By Jess Blissitt
So, you might be thinking about doing your semester abroad at Temple University. Good for you! You may have even booked your flight ticket, researched the weather over in chilly Philadelphia, and packed everything you could possibly need, but you’re still filled with the niggling dread of what it will actually be like when you first set foot on campus. Sound accurate? I thought so.
See, I felt the same way. How could I possibly prepare when I had never even been across the pond? I’d never even MET an American, let alone been surrounded by Americans at college. Well, this is my accurate guide of what to expect, as I just finished my first week of in-person classes. I can’t say my experience is universal, I am studying at the College of Liberal Arts and that will probably be entirely different to the science majors or the business classes! Still, I can promise I won’t sugar coat it, this is not an advert for TU’s Global Programs, this is just some of the culture shocks I, a 19 year old Brit, experienced in 2022.
Classes are a lot more discursive and engaging. At home, if a professor dares to ask a question, they are usually met with awkward silence as everyone avoids eye contact. Here, I’ve found that people are more than willing to give their opinion in class, which usually results in actual discussions! I think today I learnt loads about American high school, the difference between rural Pennsylvania and Philadelphia, all sorts of things. Also, classes are a lot more regular than they were in the UK. I would usually have 2hrs a week for each class, making up 6hrs of classroom time. Yet, Temple’s classes can meet up 3 or 4 times a week for one subject. I definitely prefer this regular timetable, as it gives you more time to get to know your fellow classmates.
It is colder than you can imagine. Now, it is January and probably the coldest it will be. Yet, despite what all my family members told me, I took quite a thin coat and no gloves. This was my first mistake! Perhaps it wouldn’t be that cold, if it wasn’t for the wind that makes your ears sting. This doesn’t seem to affect the other students, who you can see around campus drinking iced coffee when my teeth are chattering! To each their own, I guess. I guess the constant snow against the city skyline is worth it. My room in Temple Towers has a lovely view of the city skyline, which is most beautiful against the sunset. Yes, it’s cold but it’s also beautiful in a completely new way.
It will be lonely. The first few weeks can be so unsettling. I know one of my biggest worries has been the pressure to have fun.
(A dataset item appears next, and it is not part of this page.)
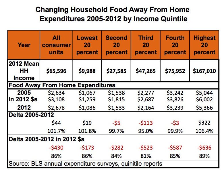 However, demand side data from the BLS, based on large annual, rigorously done surveys, tell quite a different story. The table immediately above shows a comparison of food away from home expenditures for 2005 and 2012 broken down by household income quintiles in two ways, with one converting the 2005 expenditures into 2012 dollars. The analysis using unconverted 2005 dollars shows:

You’re spending all of this money, time, and courage to study in America, which means there is definitely this pressure to constantly have fun, constantly be out, making each hour count. Well, I think you’ll be exhausted very easily. So, maybe see this first month as a practice run. Do you remember what your first month at university was like at home? If you can think back to that first month in September when you were a fresher. Now, I ask you this. As a fresher, were you really making friends left right and centre? Or did it feel pretty similar to this? If you’re anything like me, or my friends on the West Coast, we feel like we’ve become freshers all over again; adjusting, settling in, and awkward. Now compare that to what you were as a fresher before winter break? The fresher I was in September vs the girl who came home in December was very different; I was a lot happier. Things can change a lot in a few months, a few weeks even. Don’t lose hope.
Everyone is so SO friendly. This may be the British politeness talking, but we typically don’t talk to strangers. Today, I was complimented on my jacket, offered a coffee and told to have a nice day by at least 5 strangers. Total strangers! Yet each of them smiled at me and made me feel just a little bit better about myself. Earlier on in the week, when I was trying to find my classrooms, people would give me directions even before I had bucked up the courage to ask them! One thing I can promise at Temple, is that people will always be helpful and friendly. If you are nervous about going on such a long flight, I can tell you there will be many people on the other side that will help.